Alors qu’il était aux commandes de la quasi intégralité de ses précédents opus (à quelques exceptions près), K.R.I.T. produit seul un cinquième des instrumentaux. Parmi elles, « Big Bank » et « Get Away » où l’on reconnaît sa patte caractéristique avec des samples pitchés très seventies, de même que sa touche bluesy sur « Drinking Sessions ». Pour éviter le statu quo par rapport à ses anciens projets, il a eu la bonne idée de faire appel à des légendes sudistes de la production, sans parler de DJ Khalil ou du maître du jazz contemporain Robert Glasper. Toutes ces personnalités ont su parfaitement prolonger le style développé par notre rappeur/producteur durant toute ses années, en n’oubliant pas les éléments inhérents à sa musique comme les guitares électriques ou les effets « wah-wah ».
Derrière le micro, Big K.R.I.T. a revu sa façon de poser, d’interpréter, pour faire les choses un peu différemment sans perdre son public. Seule constante : ses refrains qui nous emmènent avec lui. Le rappeur aborde des sujets plus personnels mais il n’est pas seul, bien au contraire, étant très bien entouré niveau featurings.
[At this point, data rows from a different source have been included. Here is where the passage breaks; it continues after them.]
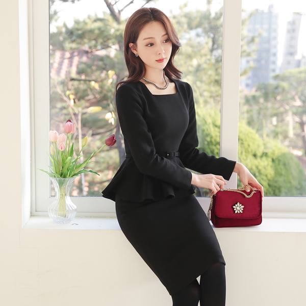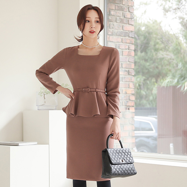 Square Neck Peplum Belted Span Dress
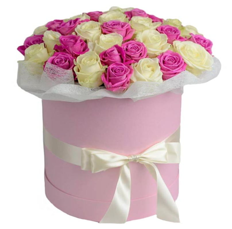Букет состоит из 26 белых роз, 25 розовых роз, коробка, атласная лента.
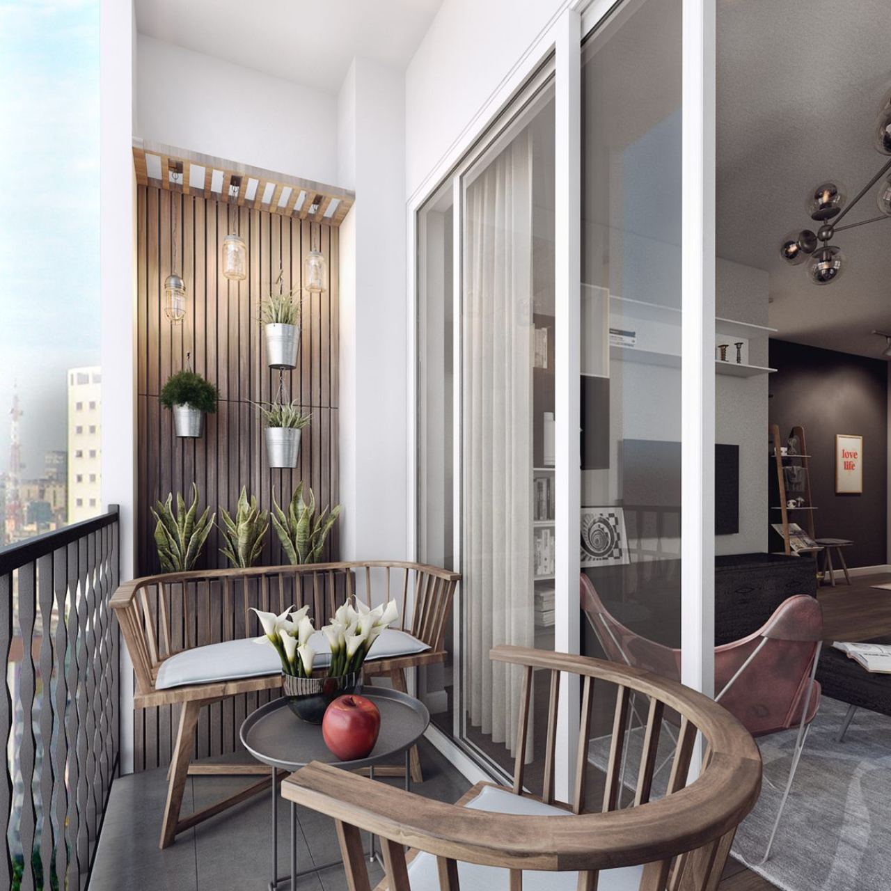 Salah satu hal menari dari balkon ini adalah dinding panel kayu vertikal dengan pot tanaman gantung yang menambah kesan alami.
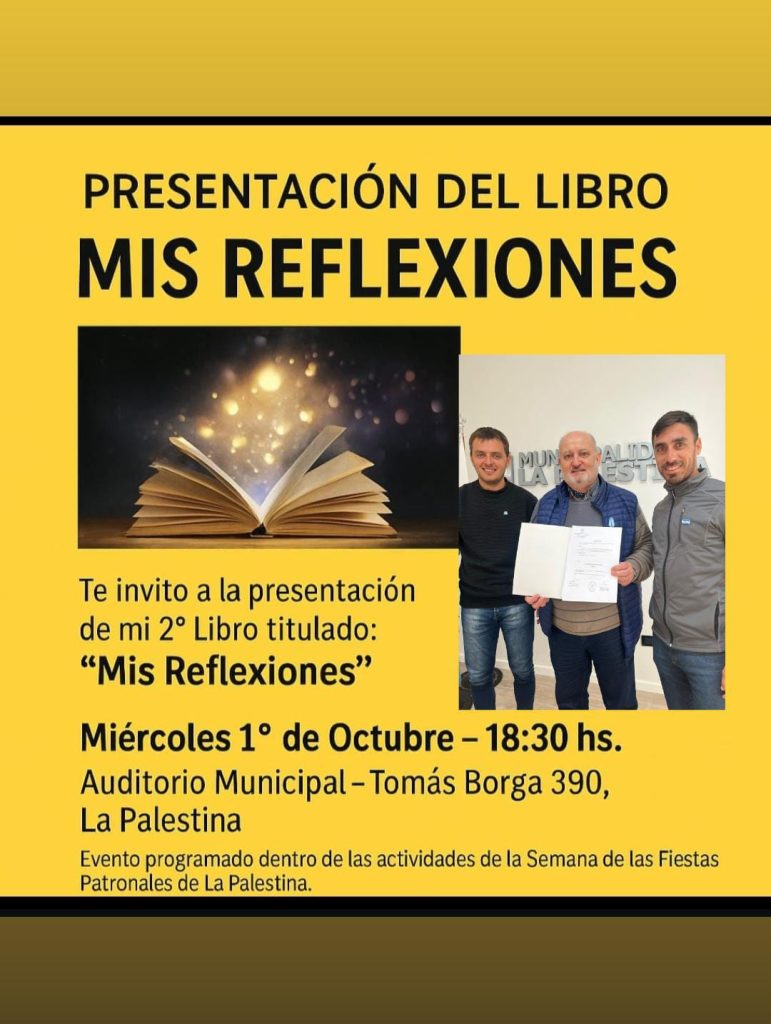La Municipalidad de La Palestina declaró a “Mis Reflexiones” de Interés Municipal y Cultural por la Ordenanza N° 007/2025, aprobada por el Concejo Deliberante, y en esa ocasión, Roberto Cativelli expresaba sobre la segunda edición: “Se trata de diálogos de los pasajes que tiene la vida; nuestras historias humanas, reales, imaginarias…, y también, sobre la historia Argentina reciente”
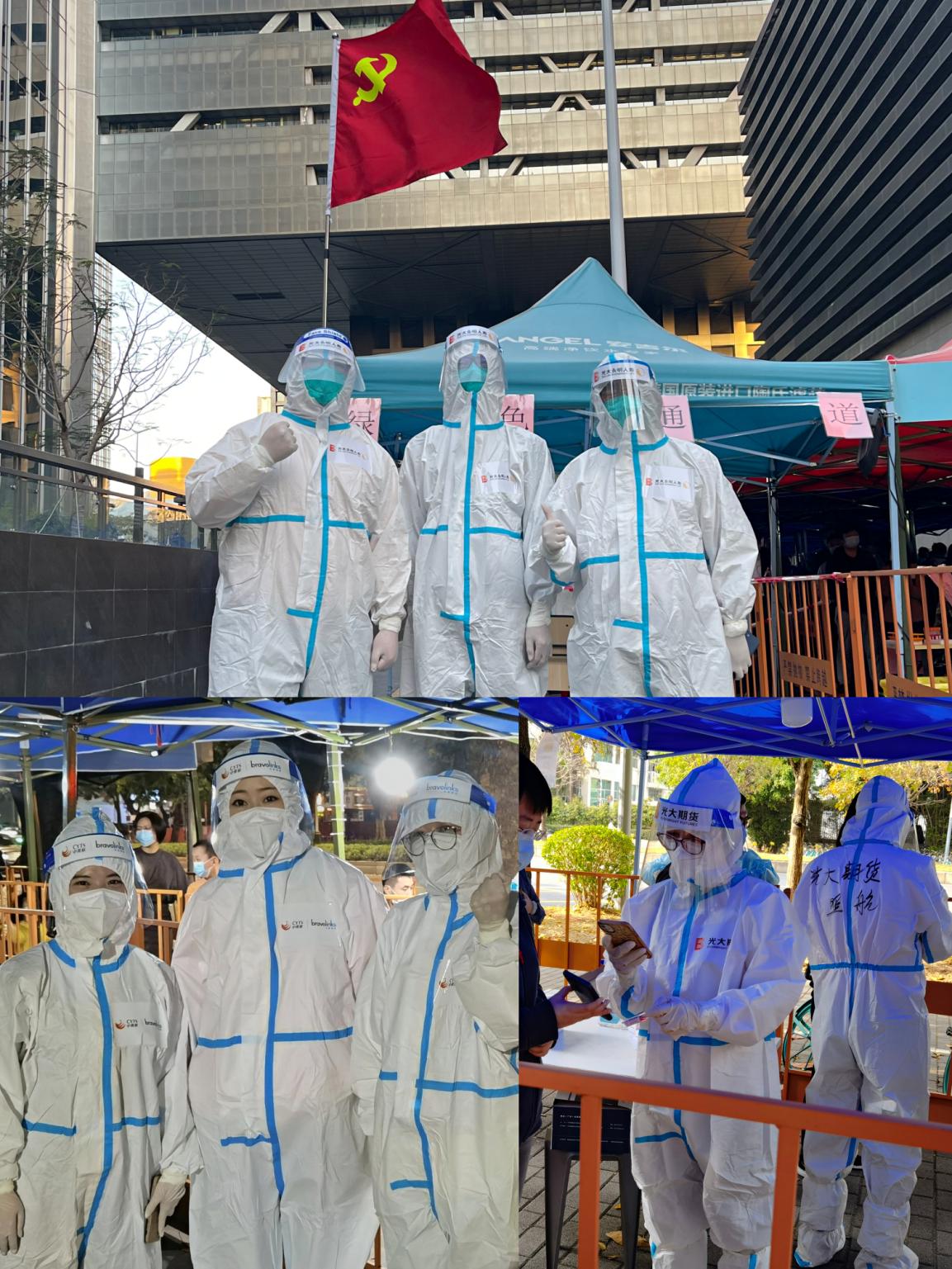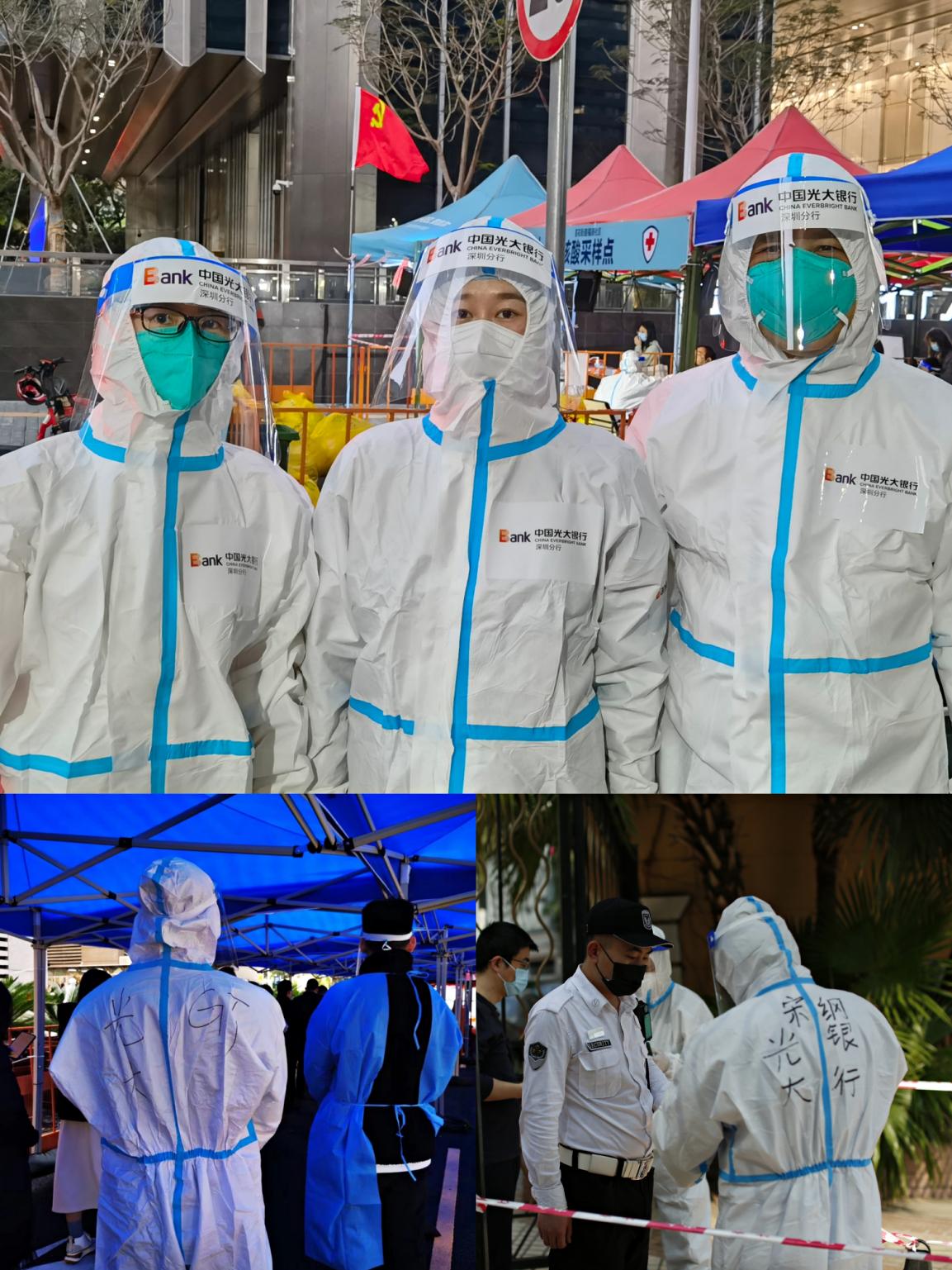 在疫情防控的关键时期,深圳分行党委坚决贯彻落实当地政府的防控要求,分行党委书记、行长韩学智同志紧急召开党委会议,启动应急预案,积极部署并投入疫情防控工作,确保日常营运和客户服务等工作有序运转。在深圳福田区金融工作局的组织与号召下,分行党委要求全体党员干部发挥先锋模范作用,主动为社区疫情防控工作提供志愿服务。分行党委委员们率先垂范,分头带领党员干部奔赴社区慰问抗战一线工作人员,并牺牲周末休息时间深入社区核酸采样点,脱下西装变身“大白”。深圳分行各党支部和团支部先后组织开展各类志愿服务累计时长超过100小时,活跃在防疫抗疫一线的同志们在全力保障广大群众金融服务需求的同时,和医护工作者一同守护着千家万户。作为集团驻深企业协同工作的牵头单位,分行牵头组建驻深企业志愿者先锋队,紧急投身福田区抗击疫情的各个战线和各个角落,不分昼夜、不论疲倦、以实际行动践行初心、使命和担当,弘扬新时代共产党人的奉献精神。“如果不是亲身体验志愿者服务工作,永远不知道抗疫人员的工作是如此辛苦!有多少人在负重前行才确保了深圳市民有序和安宁的生活。此刻很想拥抱可亲可敬的你们,防护服虽然阻挡了我们的拥抱,但无法阻挡我们一起抗击疫情的心。”一位志愿者这样记录到。

On suit sur ce projet son processus de développement personnel et spirituel, ce qui crée un rapport de proximité avec l’artiste – comme le fait avec succès J. Cole. L’individu met son égo en sourdine et dévoile un pan de son humanité, de ce qui lui traverse l’esprit quand il voit le reflet de sa vie et de sa personne.
4eva Is a Mighty Long Time n’est pas un banal double-album. C’est un grand album, bien structuré, où chaque morceau à sa raison d’être et devient une brique inusable et essentielle de l’édifice musical. Big K.R.I.T. parvient à éviter les longueurs liées à l’exercice de la double galette – pour un temps de lecture tout de même considérable, surtout dans le contexte du rap de 2017 – en variant les plaisirs et en découpant nettement les deux parties du projet. Ce n’est pas une simple évolution qui s’est opérée, mais une élévation. Il peut désormais prétendre au trône du South. C’est écrit dans son nom en lettres capitales : King Remembered in Time.